Resumo: It is known since the work of Frankel that two compactly immersed minimal hypersurfaces in a manifold with positive Ricci curvature must have an intersection point. Several generalizations of this result can be found in the literature, for example in the works of Lawson, Petersen and Wilhelm, among others. In the special case of minimal hypersurfaces of S^k, we prove a stronger version of Frankel's theorem. Namely, we show that if two compact minimal hypersurfaces M_1, M_2 of S^k and a point p ∈ S^k are given, then M^1 and M^2 have an intersection point in the hemisphere with respect to p. As a corollary of this result, we give an alternative proof to Ros' two-piece property of minimal surfaces of S^3, for the general dimension case.

Título: Geometric Flows on Hypersurfaces in the Space Forms and some Applications

Resumo: In this talk we discuss geometric flows on hypersurfaces in the space forms and present few applications. First, we give a brief introduction about geometric flows. Second, we consider an inequality conjectured by Ge, Wang and Wu in 2015 for hypersurfaces in hyperbolic space. More precisely, using a geometric flow, which we call the support function flow (SFF), we give a counterexample to the conjectured inequality assuming the initial condition to be zero and that the ambient space is of dimension three. Moreover, we prove an inequality very similar to the conjectured one. Finally, we present some open problems which we believe can be solved by means of geometric flows.

Título: Stable minimal hypersurfaces in R^4

Resumo: I will explain why a two-sided stable minimal hypersurface in R^4 is flat (this is joint work with Chao Li).

Título: On the singular Q-curvature problem

Resumo: The connections between geometry and partial differential equations have been extensively studied in the last decades.
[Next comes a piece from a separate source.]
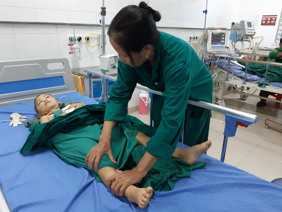 Theo bác sĩ Dũng, khi vào viện, bé Nhân bị tổn thương rất nặng do vết đâm vào cổ và vùng lồng ngực. “May mắn là đã được đưa đến viện và cấp cứu ban đầu kịp thời, dù bị mất máu nhiều nhưng vẫn bảo toàn được tính mạng”, bác sĩ Dũng cho hay.
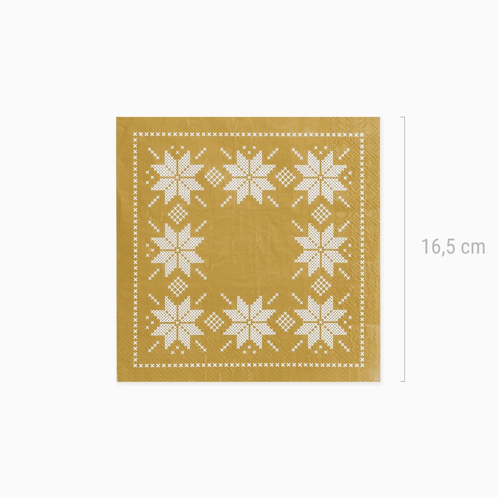 Pack de 30 servilletas metalizadas de papel color oro 33x33 cm doble capa y bordado en color blanco.

In particular, some problems arising in conformal geometry, such asthe classical Yamabe problem, can be reduced to the study of PDEs with critical exponent on manifolds. More recently, the so-called Q-curvature equation, a fourth-order elliptic PDE with critical exponent, is another class of conformal equations that has drawn considerable attention by its relation with a natural concept of curvature. In this talk, I would like to discuss how fixed point methods can be helpful to study the Q-curvature equation in a singular setting, and discuss some interesting problems related to this topic.

Joint work with J.H. Andrade, J. M do ́O, J. Ratzkin and A. Silva Santos.

Título: Four-dimensional gradient shrinking Ricci solitons

Resumo: In this talk, we will discuss 4-dimensional complete (not necessarily compact) gradient shrinking Ricci solitons. We will show that a 4-dimensional complete gradient shrinking Ricci soliton satisfying a pointwise condition involving either the self-dual or anti-self-dual part of the Weyl tensor is either Einstein, or a finite quotient of either the Gaussian shrinking soliton $R^4,$ or $S^3\times R$, or $S^2\times R^2.$ In addition, we will present some curvature estimates for 4-dimensional complete gradient Ricci solitons. Some open problems will also be discussed. This is a joint work with Huai-Dong Cao (Lehigh University) and Detang Zhou (UFF).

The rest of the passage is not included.